His voice nearly failing, Visser eventually came to the climax of the ceremony.

‘In the presence of your brothers gathered here as witnesses I accept your promise of faith and declare you a member of the Laagerbond. Be strong in faith if the struggle becomes onerous. Be strong in the love of your nation. Be strong in the service of your nation. Hearty congratulations and welcome.’

With that he shook Strydom’s hand, and the other members of the Laagerbond stepped forward out of the darkness to do likewise, one at a time.

More candles were lit. An old general of at least eighty-five approached Visser. ‘I hope you know what you are doing with Operation Drommedaris, Andries,’ he said gruffly.

‘It will be a wise investment, you’ll see,’ said Visser.

‘Humph. I was told The Times will cost ten billion rand.’

‘At least that,’ said Visser.

‘Ten billion rand will buy a lot of firepower,’ the general said.

‘It’s political power we want, not guns,’ said Visser. ‘And I can assure you the money will buy us power.’

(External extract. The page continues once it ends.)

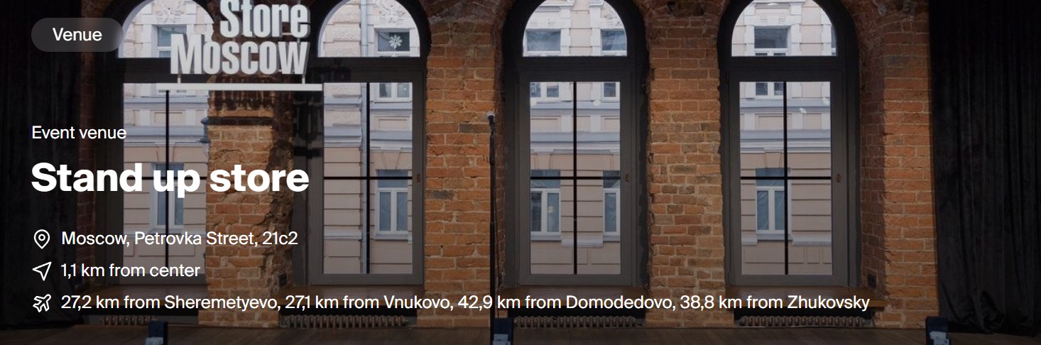 StandUp Store Moscow คือคลับสแตนด์อัพคอมเมดี้ชื่อดังในกรุงมอสโก ที่มีนักแสดงตลกแถวหน้าของประเทศขึ้นเวทีแสดง ทุกวัน ที่นี่ถูกออกแบบมาเพื่อสแตนด์อัพโดยเฉพาะ ด้วยบรรยากาศที่เป็นกันเอง อบอุ่น และสบายใจ ทั้งสำหรับผู้ชมและนักแสดง ทำให้ทุกเสียงหัวเราะเกิดขึ้นอย่างเป็นธรรมชาติ
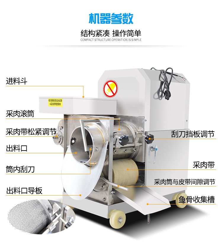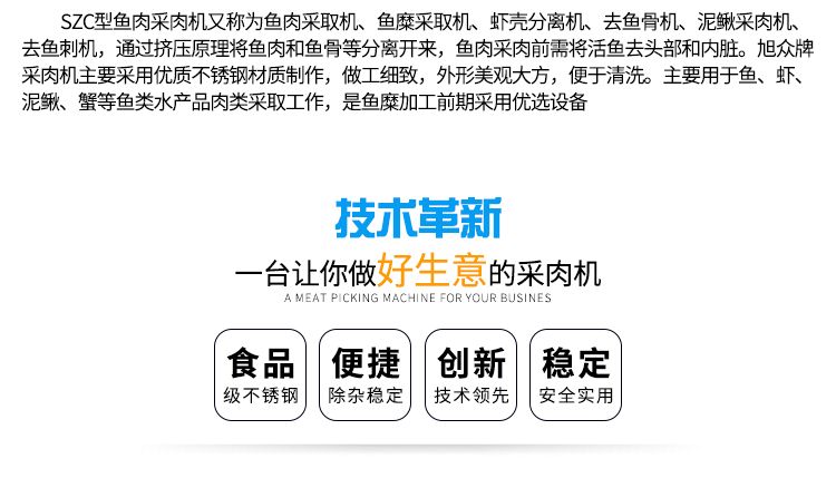 旭众XZC系类鱼肉采肉机是一款专业加工鱼肉去刺、蟹虾去壳的机械,由于随着市场的发展,人们生活中渐渐离不开有鱼的生活,无论是家里、饭店等鱼都是主要的食物还有现在一些休闲食品中都是离不开鱼加工后的鱼泥。鱼肉采肉机的研制成功给人们生活中带来很多方便,无论是您做鱼丸、鱼馅等只需要一款鱼肉采肉机就可以实现,对于大量生产即降低了人工成本,又提高了生产效率。

The general shuffled off. There were a number of members of the Laagerbond who just didn’t understand, Visser reflected. Fortunately they were getting older and dying off. The Laagerbond was powerful. It hadn’t needed guns to achieve that power. It had money and knowledge. It used manipulation to get its way rather than brute force. Operation Drommedaris influenced public opinion at home and abroad. Dirk du Toit and his father had multiplied the original billions supplied by Nico Diederichs through inspired investments. Some of this money could be used to bribe. If that didn’t work, Freddie Steenkamp and now Paul Strydom could use their extensive intelligence files on all of South Africa’s important politicians and bureaucrats, both black and white, to persuade and extort. Everyone of any importance in South Africa had a past, and in that past they had done things they were ashamed of. The Laagerbond knew those things. And if all else failed there was Anton van Vuuren, the grey-haired, bespectacled professor of physics who was at that moment talking earnestly to Daniel Havenga, and the sizeable stash of weapons-grade uranium buried deep in a disused diamond mine near Kimberley.

Visser smiled to himself. Under his stewardship as chairman of the Laagerbond, the Afrikaner nation had been safe.

Then he saw Kobus Moolman, and frowned. He moved over to the former policeman. ‘I heard that Alex Calder is in South Africa?’

Moolman raised his eyebrows. ‘I’m surprised. He obviously doesn’t scare easily.’

Visser’s frown deepened. ‘You seem to have lost your touch.’

Moolman smiled confidently. He wasn’t about to be intimidated by a former civil servant, even if he was chairman of the Laagerbond. ‘Don’t worry, Andries. Now he’s on my home territory I won’t let him cause trouble.’

‘I’m glad to hear it,’ said Visser. ‘Because if this van Zyl business gets out of hand it could destroy everything.’

‘We’ll have him on a plane back out of the country in a couple of days,’ said Moolman. He grinned. ‘In a coffin if necessary.’ Then he moved off to talk to the new initiate.

Visser coughed, the pain wracking his chest and shoulder. He would be lucky if he lived long enough to attend another one of these ceremonies. He surveyed the frieze around the walls of the monument. That tiny group of brave men and women clinging to life and freedom on the edge of such a vast continent. He remembered how when he had studied history at the University of the Orange Free State he had read extracts from The Times castigating the ignorant Boer farmers. He smiled again. Soon that mighty mouthpiece of British colonial rule would be under the control of those ignorant Boers. That was a day he was looking forward to.